One of the biggest shadow industries now going is the so-called “click farms”. Run mostly out of developing countries throughout Asia and South America, the underground operations that sell Facebook “likes” and Twitter followers have grown quite large over the past decade. As Facebook became the virtual space to which young, upwardly mobile, middle class consumers migrated, businesses around the world began setting up their own pages and devising strategies to connect to such people in the social medium. Getting liked on Facebook was seen as a way of being more human, of being hip and connected to individuals in the market. The more Facebook likes you had the more popular you seemed.
It is a cliché that bears a great deal of truth: most people do not mentally evolve beyond high school. Anyone who uses Facebook regularly can tell that. People tend to congregate in groups on social media and “like” each other’s posts. There are certain individuals who are popular and get everything they post liked, while others, in the same group, get less attention. Businesses have tried to tap into this rather adolescent psychology by accumulating as many “likes” as they can. By looking popular they will believe they will become popular as far as sales.
For the most part, the strategy has worked. However, it has also given rise to darker forces—to the click farms that sell fake likes that come from individual who, in reality, don’t actually exist. The operations of these organizations are at once simple and complex. To set up an Amazon account requires personal contact information such as an email address and a phone number. The tricksters are able to provide such information by using and re-using SIM cards and other devices. Through the orchestration of an elaborate scheme that is run over and over again the owner-operators of click farms are able to use rather basic gadgets and devices to create fake accounts, and then from those accounts “like” a particular Facebook page.
This of course calls into question the very legitimacy of Facebook, Twitter, and other social media sites.
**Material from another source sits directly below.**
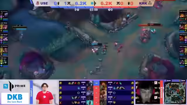 04:06:34Nachdem der letzte Drake aufgegeben wurde, erhöht der Druck auf Kaufmanblich, der den Flip verloren hat. Die Unicorns nutzen diese Situation aus, setzen einen Stun und eliminieren Random. Über mehrere Minuten hinweg bauen sie ihren Vorteil aus, während KHK Schwierigkeiten hat, auf die Power Spikes zu reagieren. Die Unicorns zeigen mehrfach ihre verbesserte Positionierung und koordinierten Fights, was ihnen letztendlich die Früchte ihres spielerischen Aufschwungs einbringt.

How is one to tell that all of the Friends and Followers that a company or individual has are actually real. A number of companies, celebrities, and even 2012 presidential candidate Mitt Romney have been implicated in buying fake “likes” and followers. Among the many things that are leading to the ruin of social media, this may be the single most pernicious. There has been much talk about how the drive to become more popular on social media is beginning to cause many people serious mental harm. The desire to get attention and followers is leaving many people in a condition of depressions and anxiety. But if it is found that more and more people are using click farms to boost their social media profile it may very well lead to the opposite: the complete abandonment of social media.